Problem to solve: The following entries are to be repeated exactly, and the pictures are to be left behind.

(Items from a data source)
★ ★ ★ ★

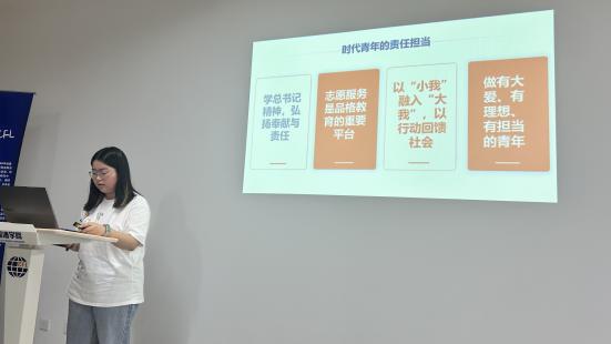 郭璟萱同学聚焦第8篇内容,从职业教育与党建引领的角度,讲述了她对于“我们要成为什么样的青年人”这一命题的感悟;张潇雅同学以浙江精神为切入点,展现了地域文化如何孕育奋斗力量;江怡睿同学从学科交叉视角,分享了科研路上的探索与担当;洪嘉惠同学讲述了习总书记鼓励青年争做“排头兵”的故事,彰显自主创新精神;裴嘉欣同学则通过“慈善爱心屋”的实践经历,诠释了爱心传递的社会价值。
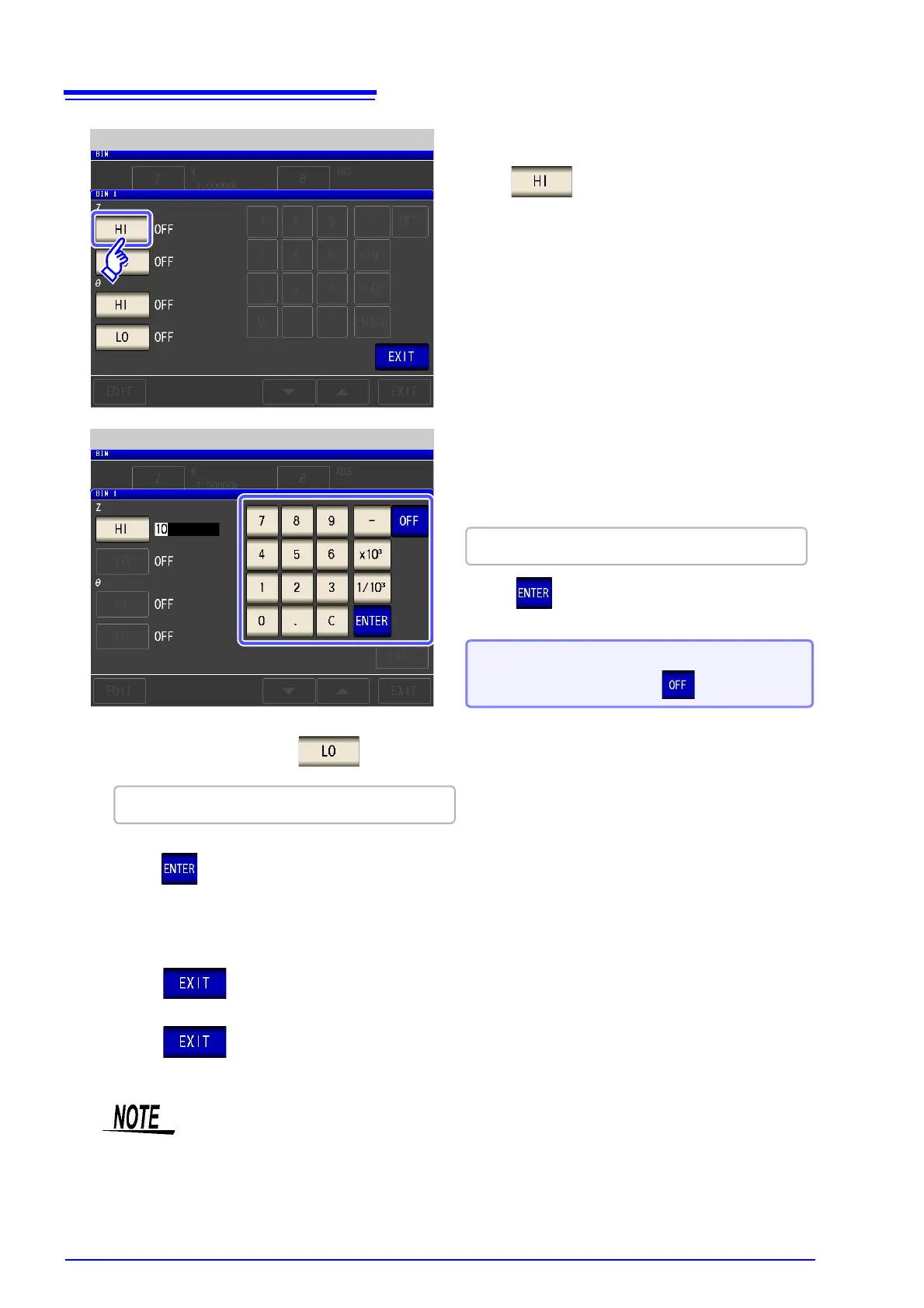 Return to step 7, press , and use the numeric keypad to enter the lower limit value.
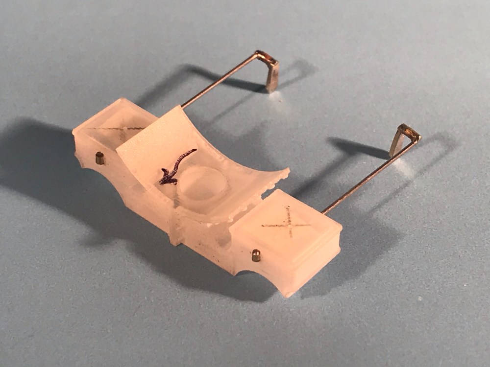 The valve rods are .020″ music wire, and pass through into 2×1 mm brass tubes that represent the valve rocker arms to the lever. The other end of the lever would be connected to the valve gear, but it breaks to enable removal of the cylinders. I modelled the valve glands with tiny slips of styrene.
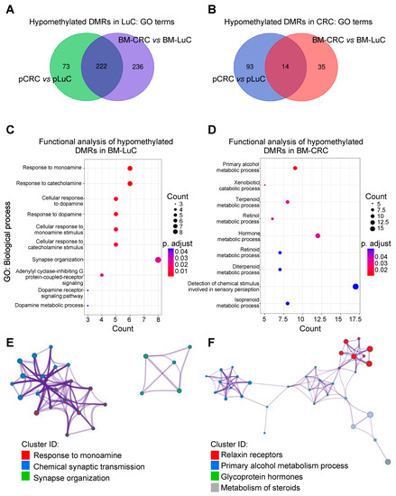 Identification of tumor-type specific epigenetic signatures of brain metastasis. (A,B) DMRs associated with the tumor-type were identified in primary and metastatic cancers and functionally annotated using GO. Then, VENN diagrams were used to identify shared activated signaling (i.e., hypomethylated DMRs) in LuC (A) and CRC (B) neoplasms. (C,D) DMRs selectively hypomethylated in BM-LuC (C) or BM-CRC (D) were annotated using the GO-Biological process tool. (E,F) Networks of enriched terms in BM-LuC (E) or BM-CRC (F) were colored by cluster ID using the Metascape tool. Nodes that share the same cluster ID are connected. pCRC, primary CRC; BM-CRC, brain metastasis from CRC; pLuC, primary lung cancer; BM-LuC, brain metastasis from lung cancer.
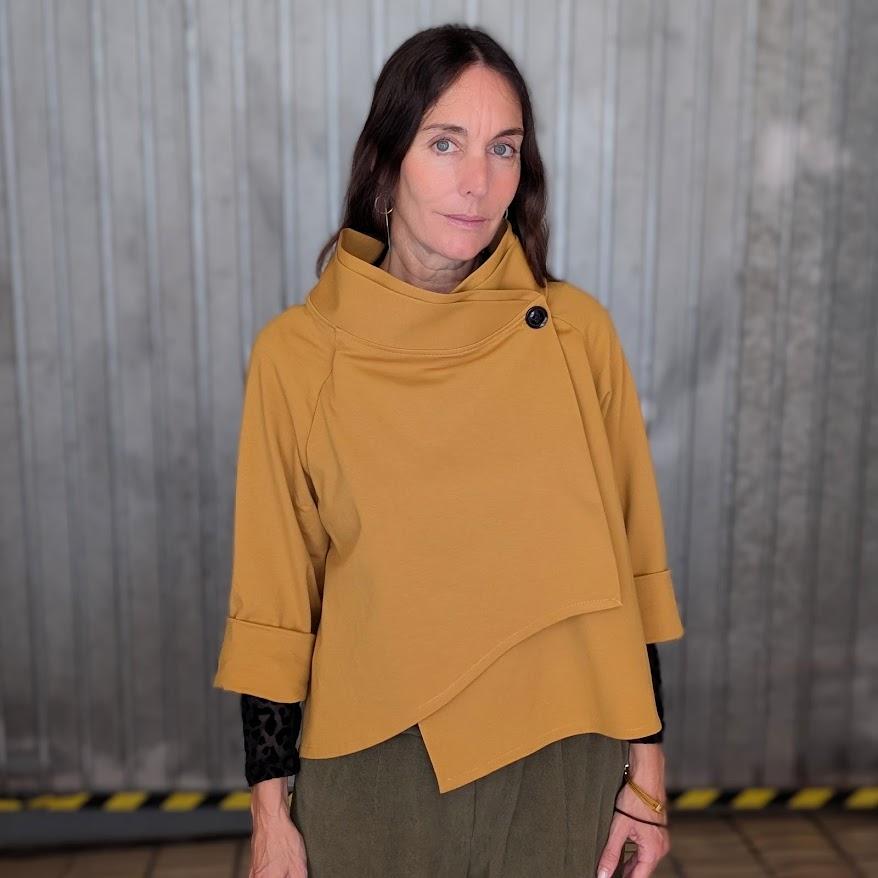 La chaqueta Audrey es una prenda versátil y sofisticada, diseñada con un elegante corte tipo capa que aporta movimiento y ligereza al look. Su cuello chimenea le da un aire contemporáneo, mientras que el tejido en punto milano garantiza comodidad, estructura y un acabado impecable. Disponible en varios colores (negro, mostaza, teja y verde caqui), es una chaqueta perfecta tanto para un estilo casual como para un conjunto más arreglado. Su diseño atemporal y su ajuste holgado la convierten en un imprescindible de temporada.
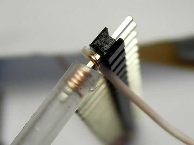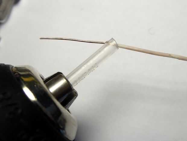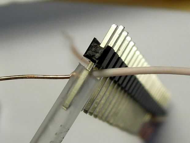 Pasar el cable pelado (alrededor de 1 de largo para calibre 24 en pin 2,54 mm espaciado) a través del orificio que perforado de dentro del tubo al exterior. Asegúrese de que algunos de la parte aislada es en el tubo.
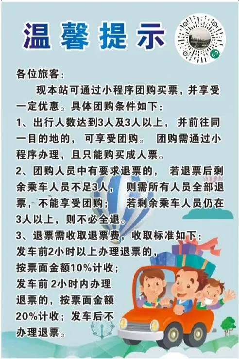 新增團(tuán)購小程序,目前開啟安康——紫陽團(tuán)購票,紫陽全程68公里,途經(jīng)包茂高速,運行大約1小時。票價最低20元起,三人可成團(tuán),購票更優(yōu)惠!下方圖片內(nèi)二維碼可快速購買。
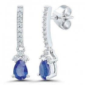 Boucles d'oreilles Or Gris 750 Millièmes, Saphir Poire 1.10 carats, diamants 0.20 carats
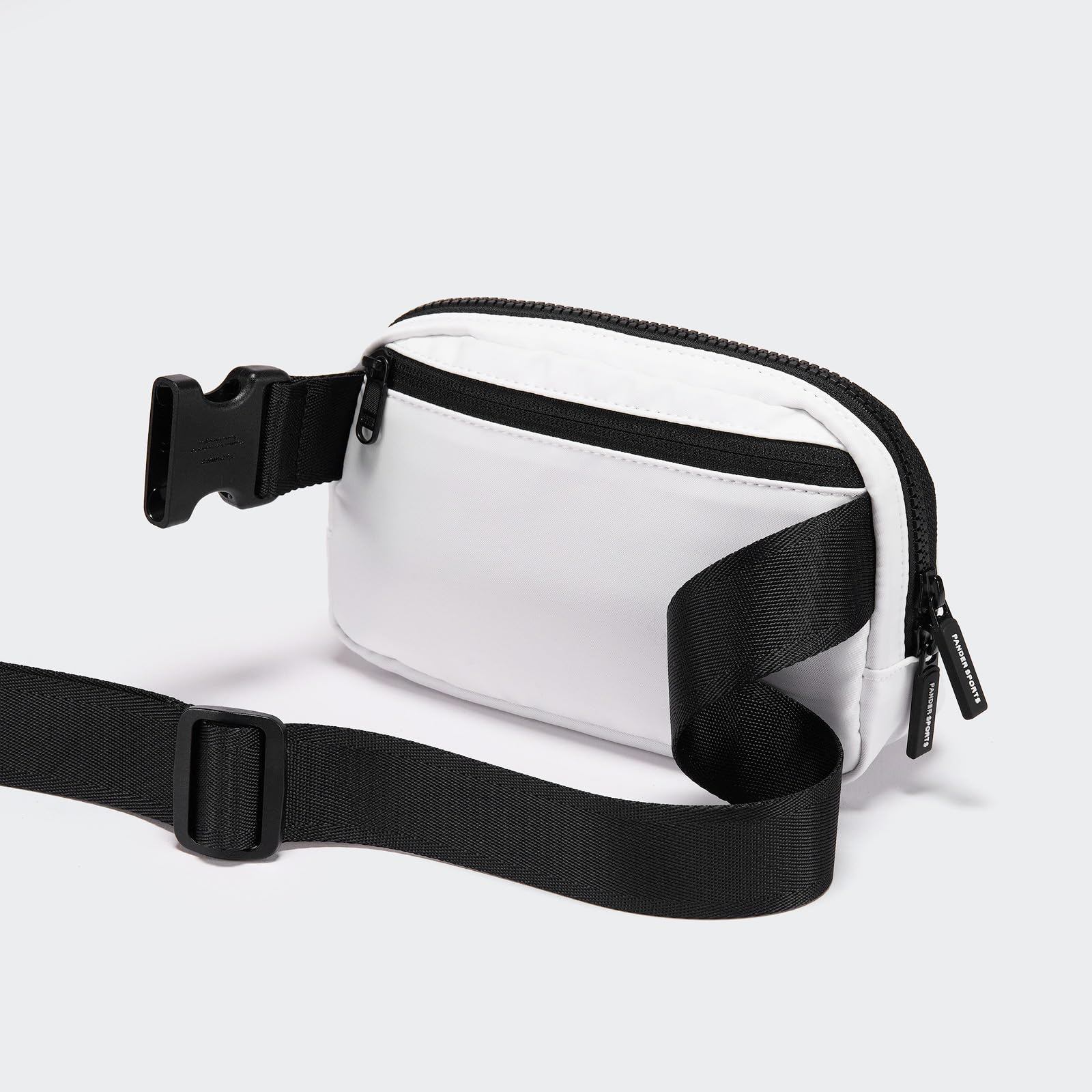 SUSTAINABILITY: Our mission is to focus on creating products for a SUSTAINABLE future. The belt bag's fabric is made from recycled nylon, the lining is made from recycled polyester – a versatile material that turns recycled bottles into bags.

★ ★ ★ ★

Response box:
 郭璟萱同学聚焦第8篇内容,从职业教育与党建引领的角度,讲述了她对于“我们要成为什么样的青年人”这一命题的感悟;张潇雅同学以浙江精神为切入点,展现了地域文化如何孕育奋斗力量;江怡睿同学从学科交叉视角,分享了科研路上的探索与担当;洪嘉惠同学讲述了习总书记鼓励青年争做“排头兵”的故事,彰显自主创新精神;裴嘉欣同学则通过“慈善爱心屋”的实践经历,诠释了爱心传递的社会价值。
 Return to step 7, press , and use the numeric keypad to enter the lower limit value.
 The valve rods are .020″ music wire, and pass through into 2×1 mm brass tubes that represent the valve rocker arms to the lever. The other end of the lever would be connected to the valve gear, but it breaks to enable removal of the cylinders. I modelled the valve glands with tiny slips of styrene.
 Identification of tumor-type specific epigenetic signatures of brain metastasis. (A,B) DMRs associated with the tumor-type were identified in primary and metastatic cancers and functionally annotated using GO. Then, VENN diagrams were used to identify shared activated signaling (i.e., hypomethylated DMRs) in LuC (A) and CRC (B) neoplasms. (C,D) DMRs selectively hypomethylated in BM-LuC (C) or BM-CRC (D) were annotated using the GO-Biological process tool. (E,F) Networks of enriched terms in BM-LuC (E) or BM-CRC (F) were colored by cluster ID using the Metascape tool. Nodes that share the same cluster ID are connected. pCRC, primary CRC; BM-CRC, brain metastasis from CRC; pLuC, primary lung cancer; BM-LuC, brain metastasis from lung cancer.
 La chaqueta Audrey es una prenda versátil y sofisticada, diseñada con un elegante corte tipo capa que aporta movimiento y ligereza al look. Su cuello chimenea le da un aire contemporáneo, mientras que el tejido en punto milano garantiza comodidad, estructura y un acabado impecable. Disponible en varios colores (negro, mostaza, teja y verde caqui), es una chaqueta perfecta tanto para un estilo casual como para un conjunto más arreglado. Su diseño atemporal y su ajuste holgado la convierten en un imprescindible de temporada.
 Pasar el cable pelado (alrededor de 1 de largo para calibre 24 en pin 2,54 mm espaciado) a través del orificio que perforado de dentro del tubo al exterior. Asegúrese de que algunos de la parte aislada es en el tubo.
 新增團(tuán)購小程序,目前開啟安康——紫陽團(tuán)購票,紫陽全程68公里,途經(jīng)包茂高速,運行大約1小時。票價最低20元起,三人可成團(tuán),購票更優(yōu)惠!下方圖片內(nèi)二維碼可快速購買。
 Boucles d'oreilles Or Gris 750 Millièmes, Saphir Poire 1.10 carats, diamants 0.20 carats
 SUSTAINABILITY: Our mission is to focus on creating products for a SUSTAINABLE future. The belt bag's fabric is made from recycled nylon, the lining is made from recycled polyester – a versatile material that turns recycled bottles into bags.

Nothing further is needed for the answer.